前置き
2024年に現在の専門学校に通い始めてから2025年終わりまでのIPA試験の合格体験記、勉強方法などを書き残しておくために、ここに書いていきます。
私自身はこういった合格体験記を試験勉強のモチベーションを保つためによく読んでいましたので、同じような方々のモチベーション維持に繋がればうれしいです。
また、同じ高度試験に挑戦しようとしている学生の一つのヒントになれるといいなと思って書いていきます。
About Me
- 2024年4月に専門学校入学
- 入学以前は高校の授業含め、一切の情報系の学習経験は無く、if文も2進数も知らないレベル。
- もちろん実機を触るような経験もそれまではなし。
やってきたこと
1年目
- 2024.5 基本情報合格
- 2024.10 応用情報合格
- その他MOSやサーティファイの情報処理技術者能力検定などの取得
- プログラミングの基礎的な勉強
2年目
- 2025.4 ネットワークスペシャリスト合格
- 2025.10 情報処理安全確保支援士合格
- その他、プログラミングやパケットトレーサーなどを用いた勉強を行いました。
勉強方法について
勉強方法については、それぞれで分けて書いていきます。
基本情報
勉強期間は1か月でした。
初めに、中古で購入したテキストを1つ1つ細かく理解しながら、ノートに自分の言葉で全て書き込んで、2週間ほどで1周しました。

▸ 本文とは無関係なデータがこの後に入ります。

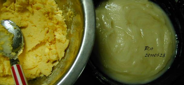それぞれに味つけをする(今回は黄身あんにはちみつ白あんには砂糖で味つけ)
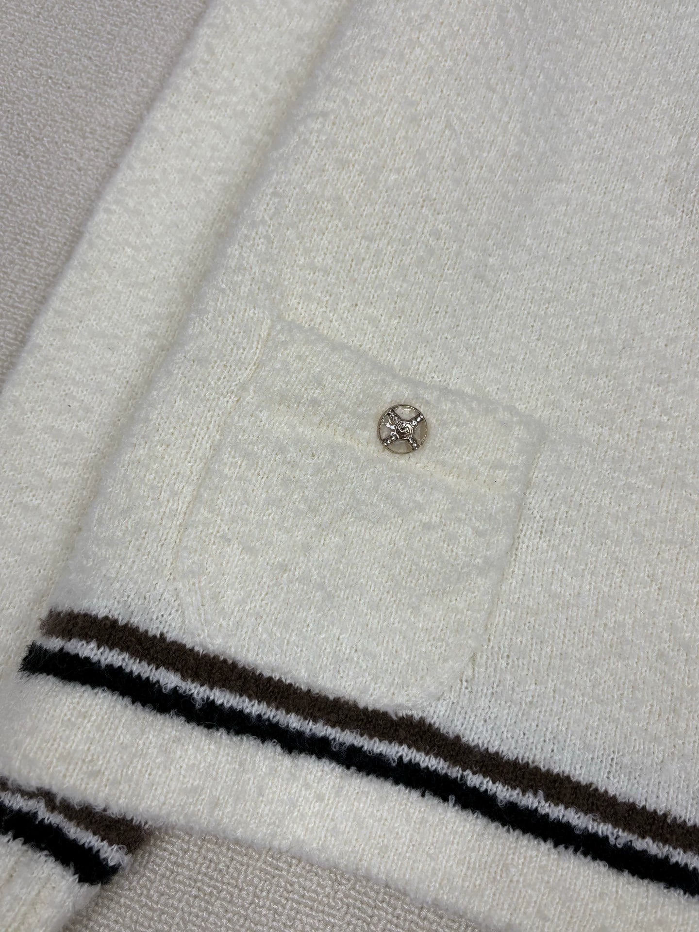 100% wool, classic striped edge design, zipper placket, pocket decoration, comfortable to wear in autumn and winter seasons, soft and skin friendly, exquisite workmanship, perfect attention to detail. Loose fit, suitable for daily commuting and leisure wear, versatile with skirts or pants.
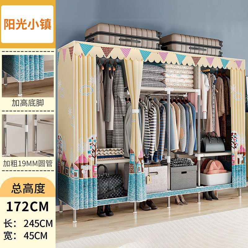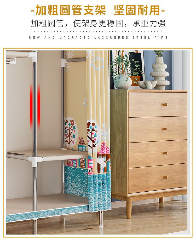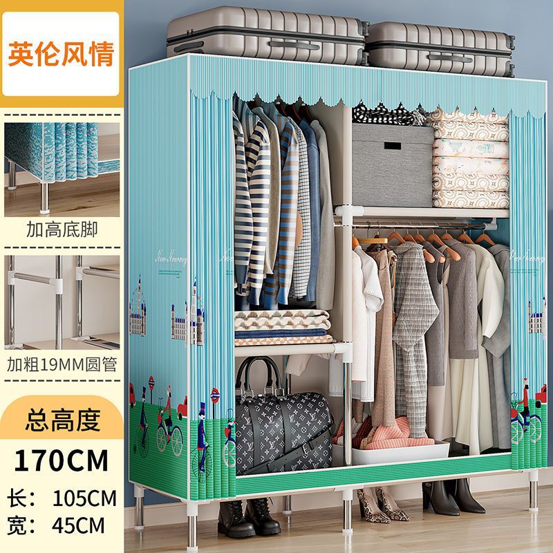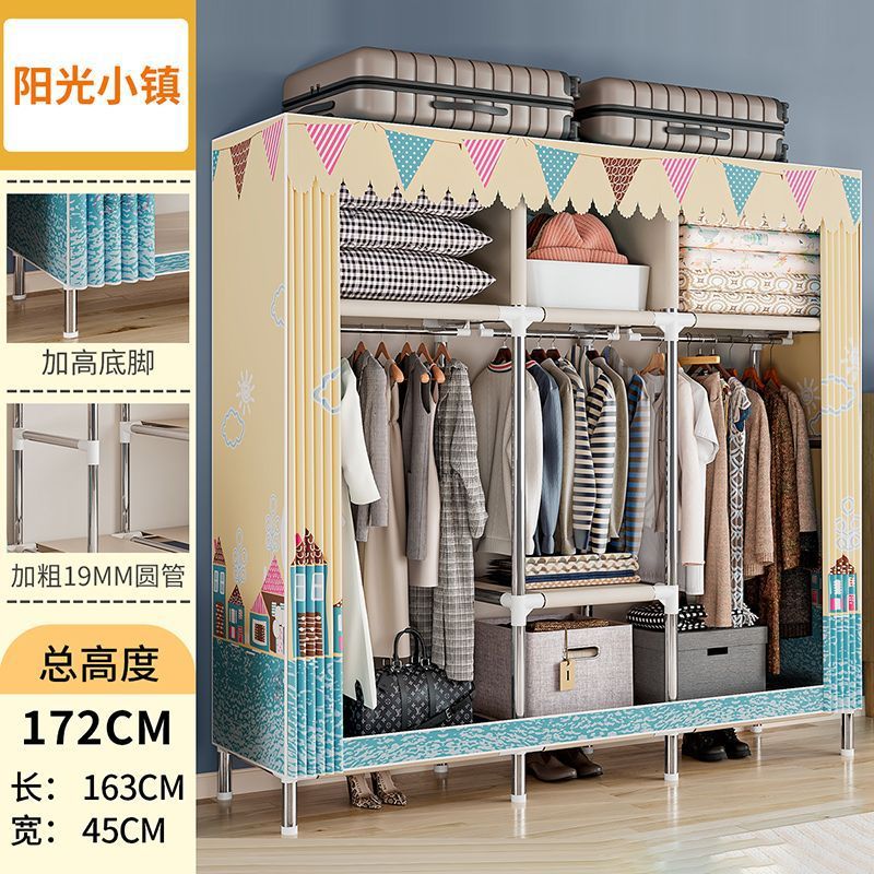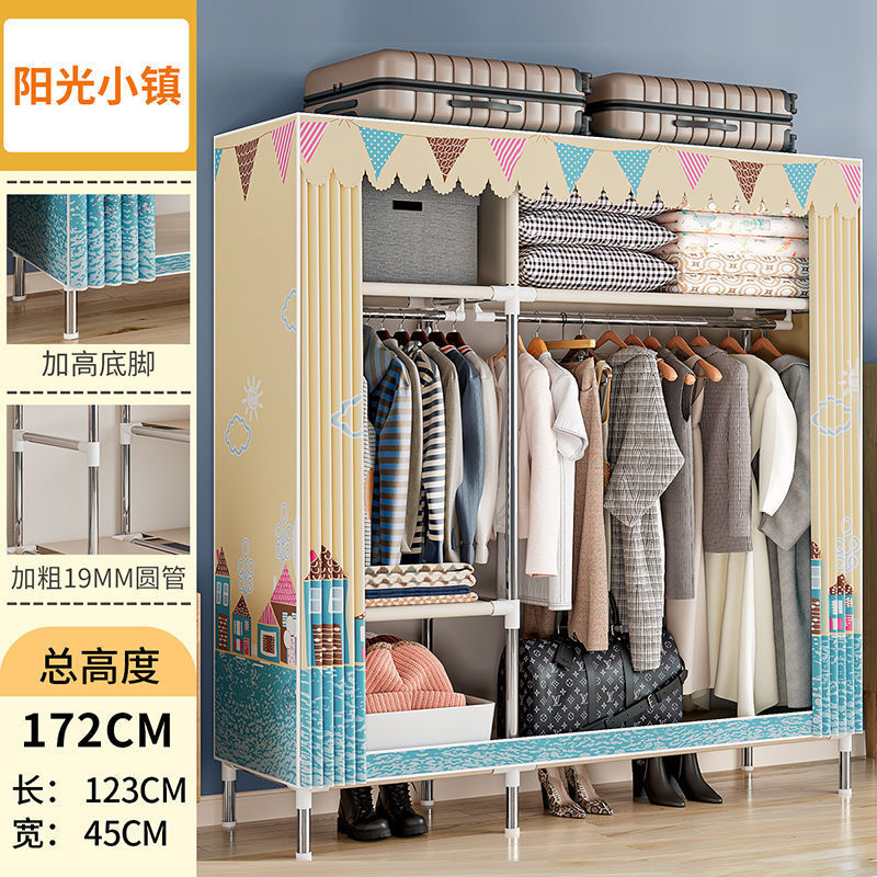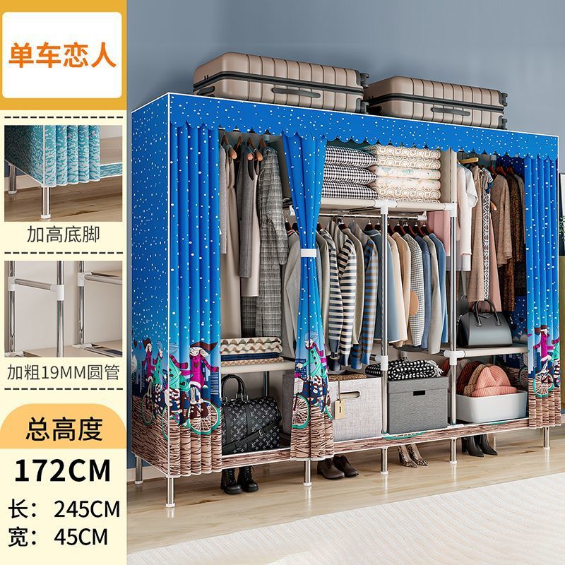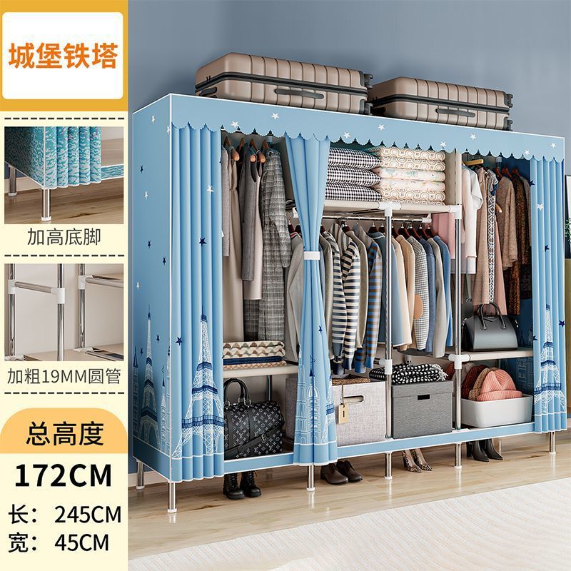 간단한 옷장 경제적 천 옷장 강철 파이프 굵게 보강 보관 캐비닛 임대 방 홈 침실 옷장 강력한스토어 가기

これで完全に理解した気分になりつつ、午前対策で過去問道場を始めましたが、テキストにないような問題が大量に出てきて絶望。それでも残り2週間、家に帰っても移動中のバスの中でも解き続けました。
残り1週間ほどで、午後問題の対策を開始。
当時、IPAから公開されているサンプル問題が5問程度あったので、それを3周ほど解きました。それでも回答なしには解けない問題もあった記憶。

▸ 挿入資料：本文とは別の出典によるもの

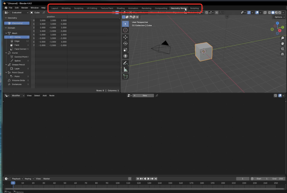 - 주요 탭: 모델링, 스컬핑, UV 에디팅, 텍스처 페인트, 셰이딩, 애니메이션, 렌더링, 컴포지팅, 지오메트리 노드 등.

当日はサンプル問題においてのトレースの成功体験がないまま、トレースの意識だけをもっていきました。
1日5時間、休みの日は8時間ほど勉強して、1か月ほどで基本情報の取得ができました。
応用情報
勉強期間はトータル4か月間。
基本情報の試験を受けた帰りにテキストを買って帰りました。
技術評論社のテキスト
基本情報同様、テキストを細かく理解しつつ自分の言葉で全て書き出して、1か月ぐらいかけてテキストを1周。
その後、過去問道場で午前対策を開始(7月)。基本情報の午前のレベルアップ版のように感じて、かなり絶望。(当時はJISとかPMBOKとか、何を言ってるのか本当に分からなかったですね)
10年分をこれまた1つずつ細かく解説を理解して進めていったので、2周目は全て9割以上とれるようになりました。
8月からはひたすら午後問題を解いていきます。
とりあえず全ての分野を解いてみて、行けそうなものを深く勉強していくことにしました。(とはいっても最初は各分野2問ずつぐらいしか丸が付かなかったので、大分メンタルに来てました。「行けそうなもの」というよりは解いてて苦ではないものを中心に、多くの記事でオススメされている分野を選択。)
- セキュリティ
- 情報システム開発
- ネットワーク
- システムアーキテクチャ
- データベース
- サービスマネジメント(サブ)
- プロジェクトマネジメント(サブ)
これを毎日1回分(1日7問)解いていきました。当日は5問しか解かないのに7問は大変だと思いつつ、振り返るとこれのおかげで、応用、高度区分に耐えられる体力がついたと思っています。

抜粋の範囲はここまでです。